*** Supplied entries Section Begins ***

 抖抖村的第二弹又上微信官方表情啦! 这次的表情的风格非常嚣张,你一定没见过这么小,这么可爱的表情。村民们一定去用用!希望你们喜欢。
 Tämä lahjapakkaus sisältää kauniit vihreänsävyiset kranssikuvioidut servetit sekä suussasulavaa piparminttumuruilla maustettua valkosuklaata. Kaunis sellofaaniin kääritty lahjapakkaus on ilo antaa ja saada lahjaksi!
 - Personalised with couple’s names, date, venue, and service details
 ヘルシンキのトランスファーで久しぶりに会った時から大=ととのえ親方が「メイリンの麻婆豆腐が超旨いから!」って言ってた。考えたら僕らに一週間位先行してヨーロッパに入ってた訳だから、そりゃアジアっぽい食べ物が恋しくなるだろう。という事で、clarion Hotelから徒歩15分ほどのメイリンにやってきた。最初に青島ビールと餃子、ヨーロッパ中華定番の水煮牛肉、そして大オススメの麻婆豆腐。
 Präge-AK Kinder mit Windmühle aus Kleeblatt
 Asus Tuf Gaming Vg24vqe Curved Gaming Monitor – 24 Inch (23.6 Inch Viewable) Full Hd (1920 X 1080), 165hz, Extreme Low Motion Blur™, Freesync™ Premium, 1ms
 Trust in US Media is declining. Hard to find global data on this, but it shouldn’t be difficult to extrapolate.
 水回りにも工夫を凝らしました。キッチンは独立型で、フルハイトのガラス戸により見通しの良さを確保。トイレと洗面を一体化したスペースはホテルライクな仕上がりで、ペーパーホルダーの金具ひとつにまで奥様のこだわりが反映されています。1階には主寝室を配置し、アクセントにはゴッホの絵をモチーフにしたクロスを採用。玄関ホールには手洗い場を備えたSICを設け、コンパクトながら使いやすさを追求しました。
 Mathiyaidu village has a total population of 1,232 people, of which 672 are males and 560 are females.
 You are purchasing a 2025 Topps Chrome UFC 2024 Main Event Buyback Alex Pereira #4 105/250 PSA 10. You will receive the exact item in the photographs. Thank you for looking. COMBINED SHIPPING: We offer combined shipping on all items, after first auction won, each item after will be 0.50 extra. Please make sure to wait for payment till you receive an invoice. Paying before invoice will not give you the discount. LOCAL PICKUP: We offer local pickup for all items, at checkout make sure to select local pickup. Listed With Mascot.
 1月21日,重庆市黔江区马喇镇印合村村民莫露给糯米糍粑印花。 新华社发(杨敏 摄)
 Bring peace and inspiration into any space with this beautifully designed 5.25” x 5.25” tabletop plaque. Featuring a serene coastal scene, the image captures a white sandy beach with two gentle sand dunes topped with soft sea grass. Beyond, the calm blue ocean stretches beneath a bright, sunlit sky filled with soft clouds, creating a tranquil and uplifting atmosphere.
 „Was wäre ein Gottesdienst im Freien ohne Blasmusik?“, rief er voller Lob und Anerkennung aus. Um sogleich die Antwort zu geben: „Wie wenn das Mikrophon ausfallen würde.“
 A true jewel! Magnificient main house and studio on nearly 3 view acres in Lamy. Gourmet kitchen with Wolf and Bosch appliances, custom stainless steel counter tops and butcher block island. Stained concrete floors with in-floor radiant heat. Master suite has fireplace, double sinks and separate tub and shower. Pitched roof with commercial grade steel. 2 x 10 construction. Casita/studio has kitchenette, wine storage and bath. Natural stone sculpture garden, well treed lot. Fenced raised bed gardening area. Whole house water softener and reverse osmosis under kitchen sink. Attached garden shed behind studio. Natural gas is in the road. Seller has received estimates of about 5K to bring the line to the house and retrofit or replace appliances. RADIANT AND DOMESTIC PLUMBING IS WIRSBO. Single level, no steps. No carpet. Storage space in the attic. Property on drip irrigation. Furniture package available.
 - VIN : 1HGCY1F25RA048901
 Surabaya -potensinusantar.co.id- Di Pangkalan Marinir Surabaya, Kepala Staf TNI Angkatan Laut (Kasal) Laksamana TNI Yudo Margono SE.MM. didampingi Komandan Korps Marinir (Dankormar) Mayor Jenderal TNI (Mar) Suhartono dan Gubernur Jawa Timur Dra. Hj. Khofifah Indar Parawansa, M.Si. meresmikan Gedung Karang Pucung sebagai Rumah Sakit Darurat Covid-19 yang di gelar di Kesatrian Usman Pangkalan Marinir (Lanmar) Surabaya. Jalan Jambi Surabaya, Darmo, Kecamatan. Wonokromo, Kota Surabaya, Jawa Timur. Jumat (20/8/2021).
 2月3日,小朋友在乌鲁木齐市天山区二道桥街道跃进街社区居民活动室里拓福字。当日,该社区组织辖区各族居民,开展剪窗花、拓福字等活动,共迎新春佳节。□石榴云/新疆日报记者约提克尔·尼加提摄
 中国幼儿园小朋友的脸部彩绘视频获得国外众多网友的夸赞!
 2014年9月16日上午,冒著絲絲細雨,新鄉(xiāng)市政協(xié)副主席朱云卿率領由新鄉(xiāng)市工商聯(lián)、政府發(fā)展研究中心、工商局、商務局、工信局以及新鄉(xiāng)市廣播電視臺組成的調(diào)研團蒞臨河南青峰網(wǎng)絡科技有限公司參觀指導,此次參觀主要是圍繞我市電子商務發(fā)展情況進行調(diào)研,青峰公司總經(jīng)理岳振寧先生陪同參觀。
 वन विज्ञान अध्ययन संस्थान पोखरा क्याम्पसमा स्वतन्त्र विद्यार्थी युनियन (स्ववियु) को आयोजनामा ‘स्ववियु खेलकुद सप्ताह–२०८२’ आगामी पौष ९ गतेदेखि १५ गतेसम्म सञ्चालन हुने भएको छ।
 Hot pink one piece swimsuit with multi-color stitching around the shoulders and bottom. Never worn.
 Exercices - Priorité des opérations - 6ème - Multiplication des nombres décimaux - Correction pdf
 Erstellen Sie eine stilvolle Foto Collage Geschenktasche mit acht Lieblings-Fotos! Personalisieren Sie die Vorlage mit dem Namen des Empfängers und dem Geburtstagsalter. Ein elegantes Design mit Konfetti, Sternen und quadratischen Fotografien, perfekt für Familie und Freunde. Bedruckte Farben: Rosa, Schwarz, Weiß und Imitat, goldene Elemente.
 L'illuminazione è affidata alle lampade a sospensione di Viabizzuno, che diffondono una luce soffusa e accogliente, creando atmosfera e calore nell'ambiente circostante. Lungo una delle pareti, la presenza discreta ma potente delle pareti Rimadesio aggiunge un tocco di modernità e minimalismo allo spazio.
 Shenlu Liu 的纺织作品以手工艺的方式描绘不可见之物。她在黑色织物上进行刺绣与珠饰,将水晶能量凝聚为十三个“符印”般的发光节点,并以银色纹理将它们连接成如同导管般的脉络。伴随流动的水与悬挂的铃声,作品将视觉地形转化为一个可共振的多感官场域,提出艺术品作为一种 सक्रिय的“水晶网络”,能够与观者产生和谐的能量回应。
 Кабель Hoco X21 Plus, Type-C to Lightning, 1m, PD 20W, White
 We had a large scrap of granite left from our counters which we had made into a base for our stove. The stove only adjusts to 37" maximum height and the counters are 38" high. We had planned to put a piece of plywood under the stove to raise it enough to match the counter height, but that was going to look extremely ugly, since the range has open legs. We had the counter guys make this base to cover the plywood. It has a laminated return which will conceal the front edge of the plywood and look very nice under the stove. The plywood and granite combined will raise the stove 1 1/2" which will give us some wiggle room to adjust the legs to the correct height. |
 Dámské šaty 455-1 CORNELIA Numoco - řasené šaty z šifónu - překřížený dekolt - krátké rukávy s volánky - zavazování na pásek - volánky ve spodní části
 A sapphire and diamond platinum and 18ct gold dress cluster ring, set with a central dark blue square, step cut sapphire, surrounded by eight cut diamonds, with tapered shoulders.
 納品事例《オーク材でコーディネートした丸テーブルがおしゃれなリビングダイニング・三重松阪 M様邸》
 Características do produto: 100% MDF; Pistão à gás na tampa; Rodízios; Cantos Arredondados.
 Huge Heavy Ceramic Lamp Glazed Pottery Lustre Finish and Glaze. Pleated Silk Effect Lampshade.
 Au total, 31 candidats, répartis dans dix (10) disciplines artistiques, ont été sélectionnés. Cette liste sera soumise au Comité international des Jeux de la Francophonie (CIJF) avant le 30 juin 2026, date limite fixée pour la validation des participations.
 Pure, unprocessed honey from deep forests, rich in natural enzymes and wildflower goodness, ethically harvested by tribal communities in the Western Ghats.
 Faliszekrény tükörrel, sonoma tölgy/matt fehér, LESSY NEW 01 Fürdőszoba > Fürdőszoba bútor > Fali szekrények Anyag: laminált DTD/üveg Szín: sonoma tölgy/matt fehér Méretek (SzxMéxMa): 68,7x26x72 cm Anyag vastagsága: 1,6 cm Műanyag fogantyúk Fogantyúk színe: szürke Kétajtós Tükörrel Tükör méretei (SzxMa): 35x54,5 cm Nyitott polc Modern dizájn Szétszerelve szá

*** Supplied entries Section Ends ***

How to complete this task: Return the span of lines in the data above that opens at the line with "Dámské šaty 455-1" and closes at the line with "Características do produto: 100%", exactly, ends included, nothing else.

Task solution:
 Dámské šaty 455-1 CORNELIA Numoco - řasené šaty z šifónu - překřížený dekolt - krátké rukávy s volánky - zavazování na pásek - volánky ve spodní části
 A sapphire and diamond platinum and 18ct gold dress cluster ring, set with a central dark blue square, step cut sapphire, surrounded by eight cut diamonds, with tapered shoulders.
 納品事例《オーク材でコーディネートした丸テーブルがおしゃれなリビングダイニング・三重松阪 M様邸》
 Características do produto: 100% MDF; Pistão à gás na tampa; Rodízios; Cantos Arredondados.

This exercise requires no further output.